# WHAT TO WORK ON
Each line below must be reproduced exactly as it stands. Pictures stay out of the copy.

# DATA SHOWN
=== Section Start ===
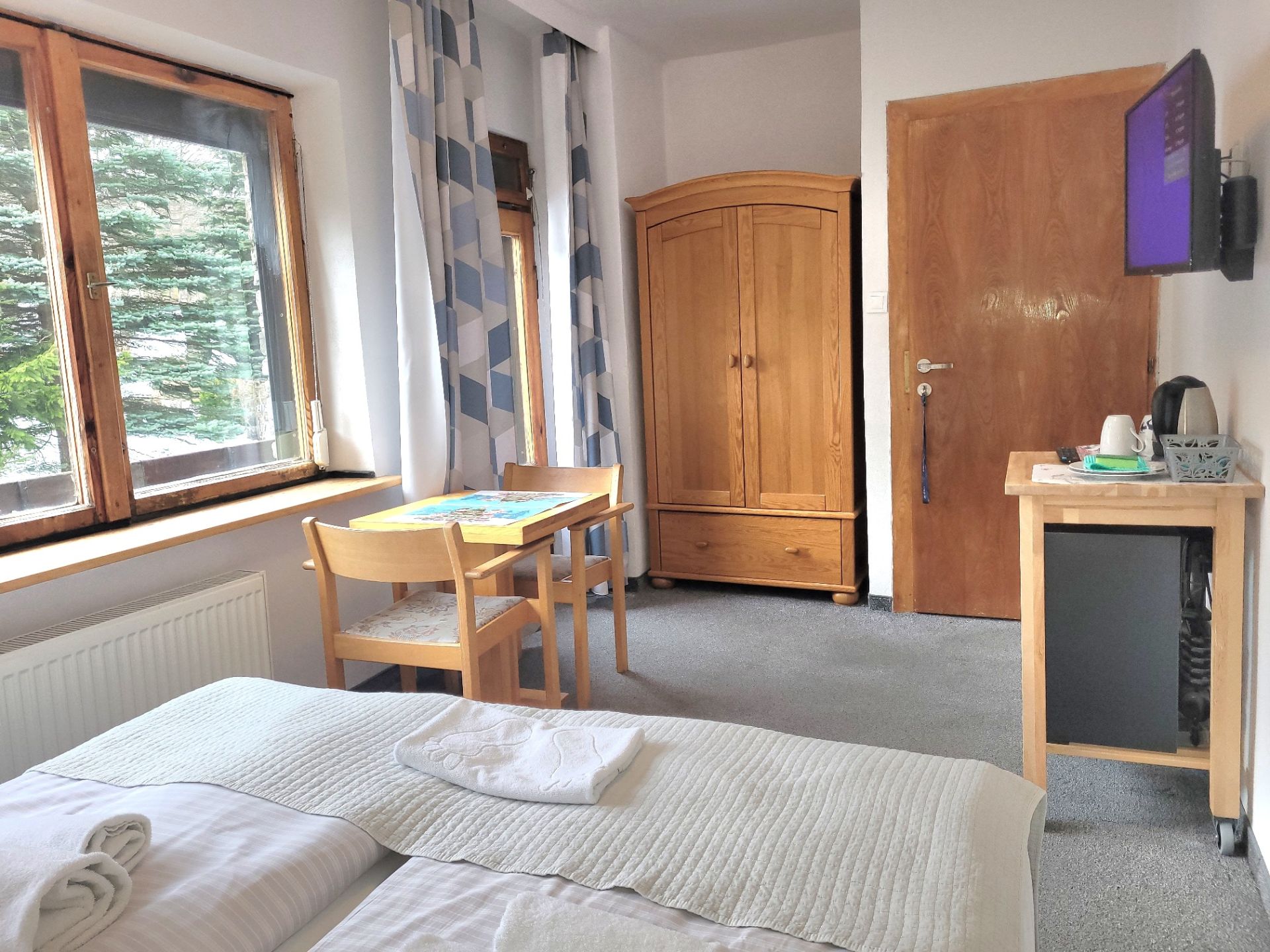 Wszystkie pokoje w pensjonacie posiadają wysoki standard wyposażenia i przyjazną aranżację. Wyposażone są w duże łóżka małżeńskie, czajniki elektryczne oraz TV.
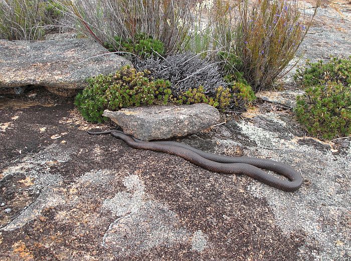 Here are a couple of very fast moving Dugites (a WA Brown Snake), sunning themselves next to their holes on a large remote granite outcrop in the mallee. This rocky outcrop has hundreds of Dragon Lizards (to around 6” in length) scurrying out of your way as you walk around, they are literally everywhere, except for one portion where there was not a single one over a good 100 metre length. However, instead of lizards in this part of the rock, it had at least two Dugites. The lizards obviously knew about them and kept well away. That is what you call respect, although they probably also shed their skin when suddenly confronted by one!
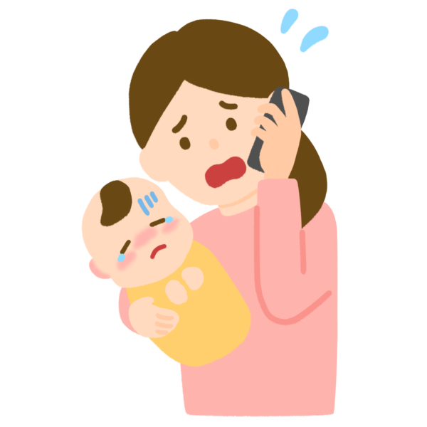 体調不良の赤ちゃんを心配して電話するお母さんのイラストです。
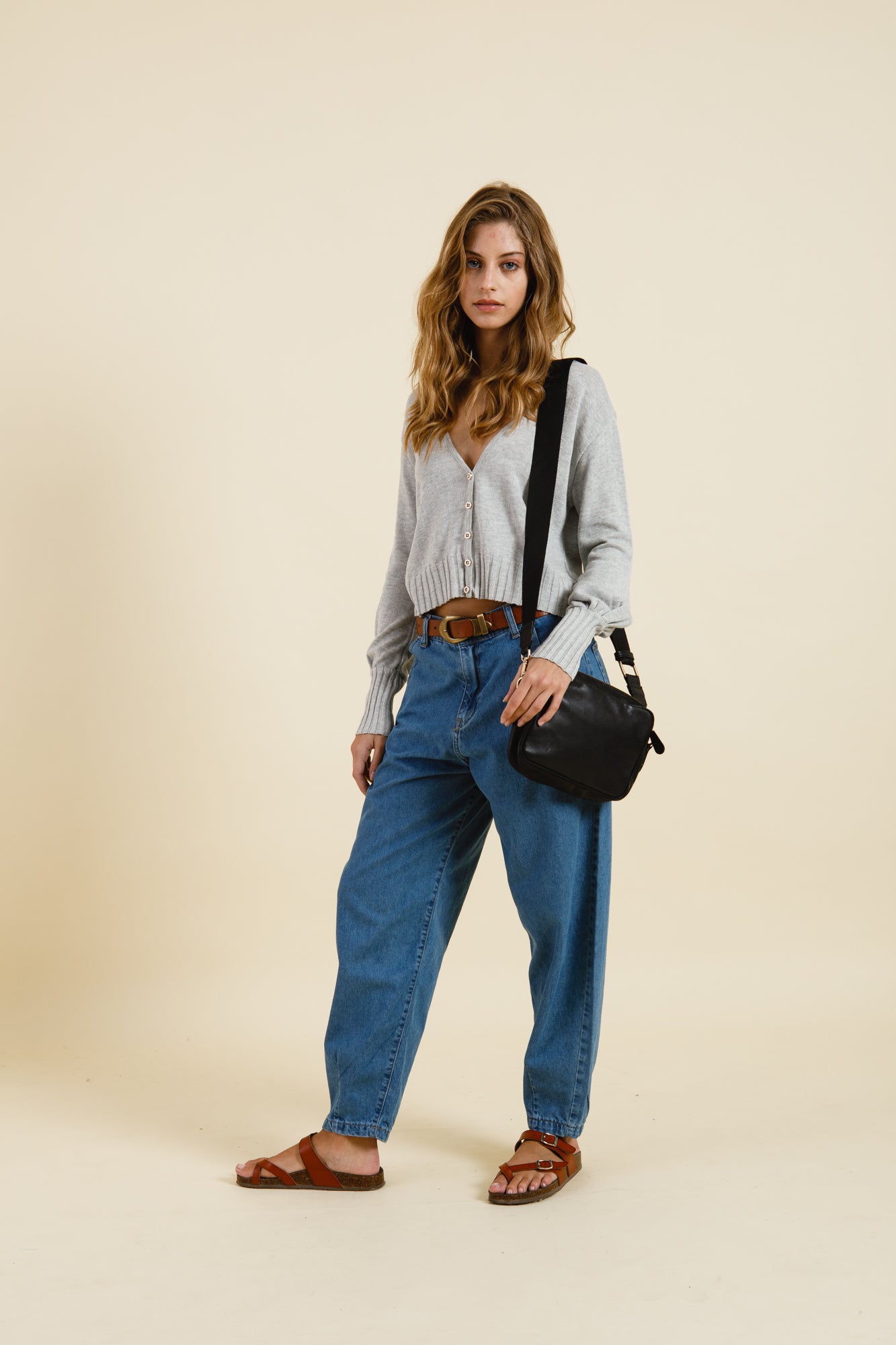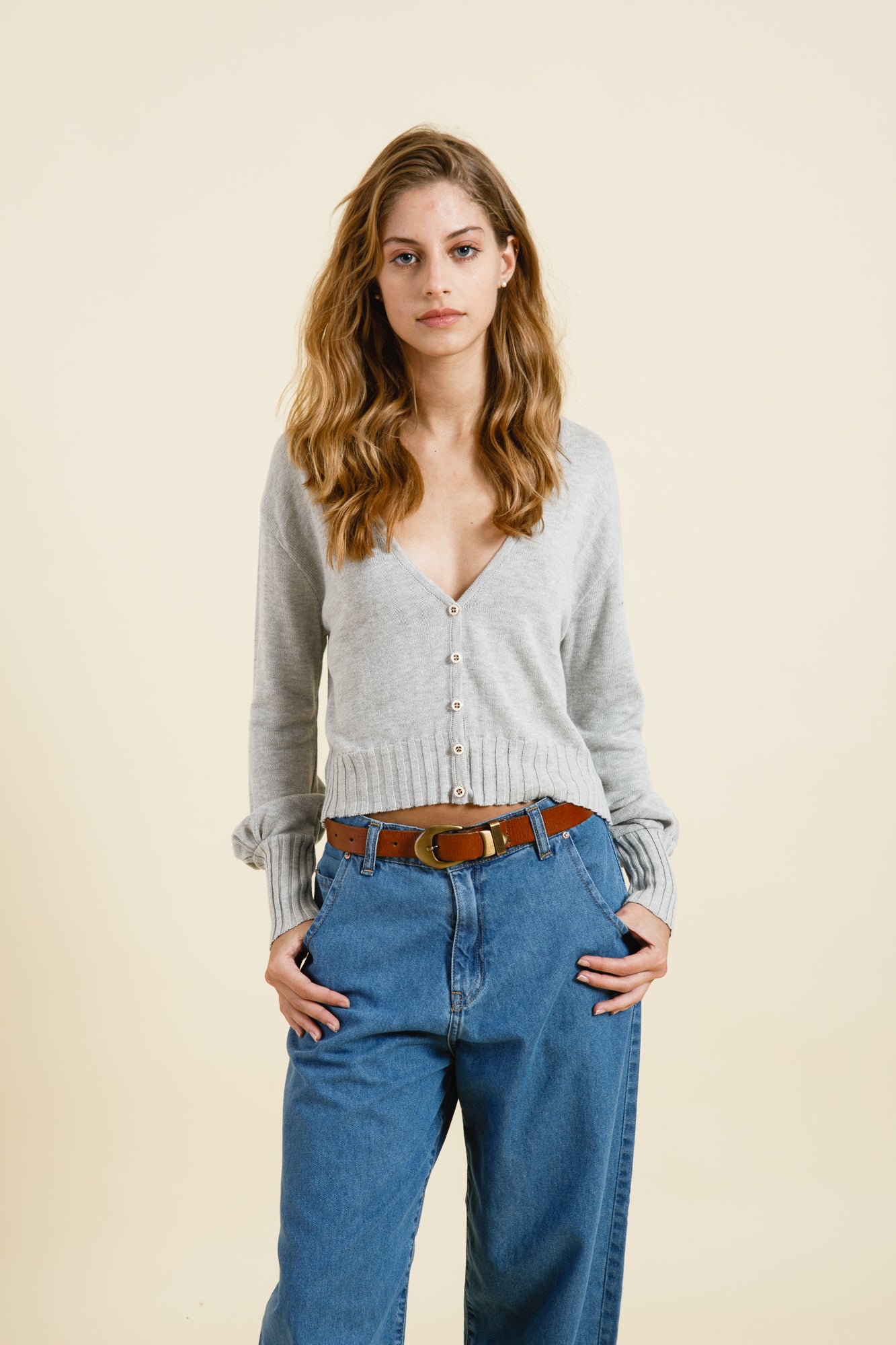 CARDIGAN COROT CON MANGAS BALLOON Y CUERPO ENTALLADO. ACCESO DELANTERO POR CARTERA A LA VISTA CON BOTONES.
=== Section End ===
# THE COMPLETED TASK
 Wszystkie pokoje w pensjonacie posiadają wysoki standard wyposażenia i przyjazną aranżację. Wyposażone są w duże łóżka małżeńskie, czajniki elektryczne oraz TV.
 Here are a couple of very fast moving Dugites (a WA Brown Snake), sunning themselves next to their holes on a large remote granite outcrop in the mallee. This rocky outcrop has hundreds of Dragon Lizards (to around 6” in length) scurrying out of your way as you walk around, they are literally everywhere, except for one portion where there was not a single one over a good 100 metre length. However, instead of lizards in this part of the rock, it had at least two Dugites. The lizards obviously knew about them and kept well away. That is what you call respect, although they probably also shed their skin when suddenly confronted by one!
 体調不良の赤ちゃんを心配して電話するお母さんのイラストです。
 CARDIGAN COROT CON MANGAS BALLOON Y CUERPO ENTALLADO. ACCESO DELANTERO POR CARTERA A LA VISTA CON BOTONES.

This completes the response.